Step 1: Get a list of posts to check

The bot runs on a cronjob once every five minutes. It fetches the newest submissions to the subreddit and loops over all of those that were submitted in the last five minutes. As soon as it reaches a post older than five minutes, it exits.

from datetime import datetime
import sys
runtime = int(datetime.now().timestamp())
for submission in reddit.subreddit('houston').new(limit=10):
	subtime = submission.created_utc
	if subtime > runtime - 300:
    	# Proceed to Step 2
    else
    	sys.exit()

Well just typing that into the blog, I realize I can save a teensy bit of RAM by only importing the exit function from sys.

There's two limitations/compromises here.

Only checking the last five minutes

There's a couple situations in which checking the last five minutes would be insufficient to check every single post.
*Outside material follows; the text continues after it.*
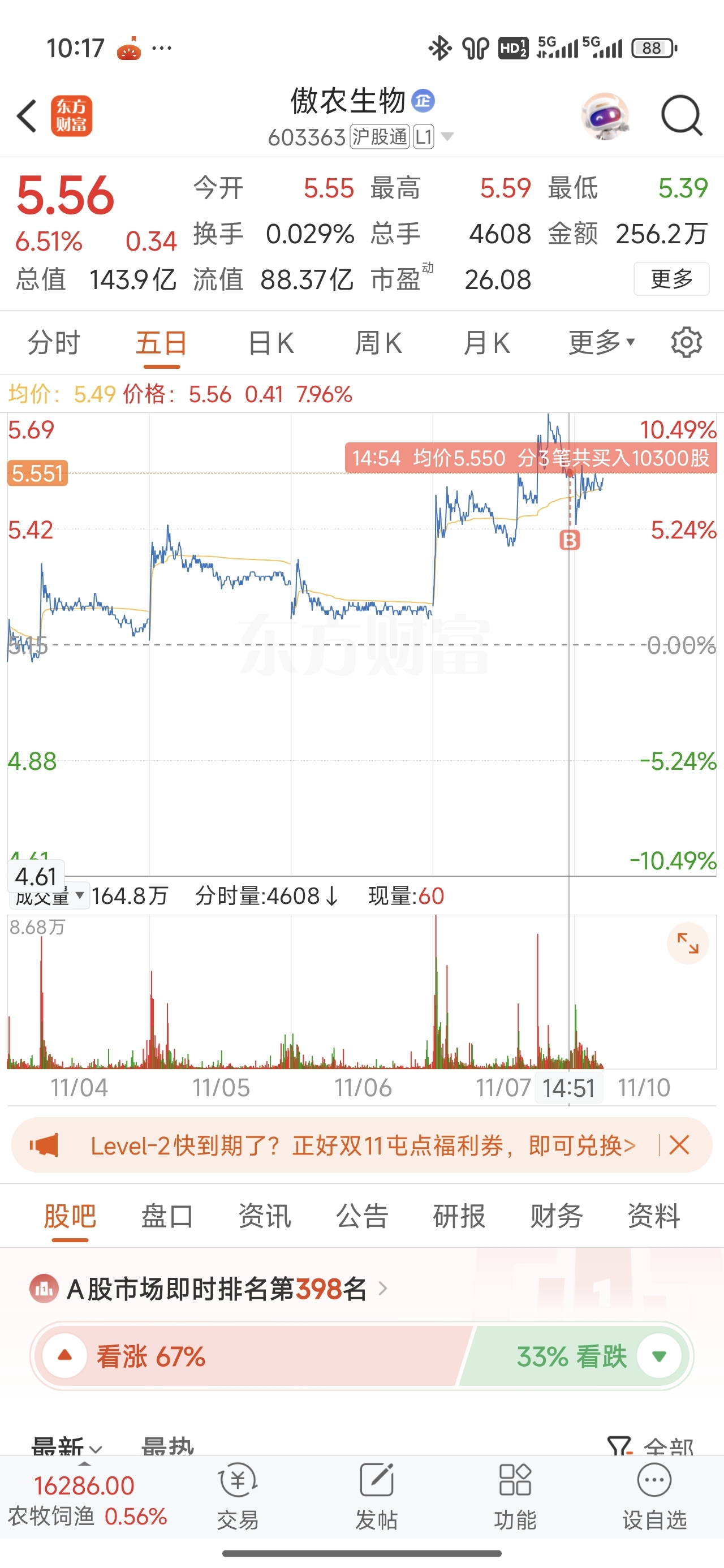 $傲农生物(SH603363)$ 主力啊,不就是因为我买了嘛,不至于吧

First, and most likely, is that the cron simply doesn't run in the appropriate window. Right now, it's running on my desktop computer. An ISP outage, power drop, or even just me being booted into another OS are all common ways this could occur. This was originally planned to be run on AWS Lambda which would eliminate all of those issues.

Second is a weird quirk of timing. It is possible that between execution time and waiting on the API, a post could fall into a tiny window. I chose to simply accept this possibility as a rare missed post would be preferable to responding to an offending post twice.
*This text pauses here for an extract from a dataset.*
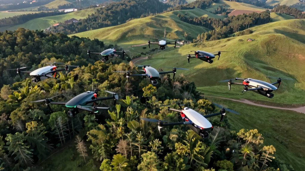 Navigation and safety features are indispensable for ensuring reliable and secure land mapping and environmental monitoring. GPS-enabled drones with auto-return and low-battery auto-landing functions help prevent loss or crashes, especially during extended flights. Obstacle avoidance sensors, like infrared or ultrasonic, reduce collision risks in challenging terrains, enhancing flight safety. Features such as headless mode and altitude hold provide stability and ease of control, even in unpredictable conditions. Maintaining a stable connection through reliable transmission technologies like 5GHz Wi-Fi or long-range RF is essential for real-time control and data integrity. Additionally, regular calibration of the drone’s compass and sensors guarantees accurate navigation, preventing drift and positional errors during prolonged missions. These safety and navigation features are indispensable for successful land mapping and environmental monitoring.

Both of these problems can be solved by externally storing the last checked post and checking all posts since that one. The data could be stored in a database, flat file, or environmental variable. This is a change that I do plan to make eventually. However, I'm weighing how far back the bot should be able to respond. For example, there is little value in responding to a days-old post to point out that its title and article headline do not match.

Only getting the last ten posts

The API call only gets the last ten posts submitted.

# [...]
for submission in reddit.subreddit('houston').new(limit=10):
# [...]

It is very uncommon for /r/Houston to experience ten or more posts in a single five minute period. That said, the limit was originally put there when I was planning to put this on Lambda, where the bot would be substantially more memory limited than it is running on my system.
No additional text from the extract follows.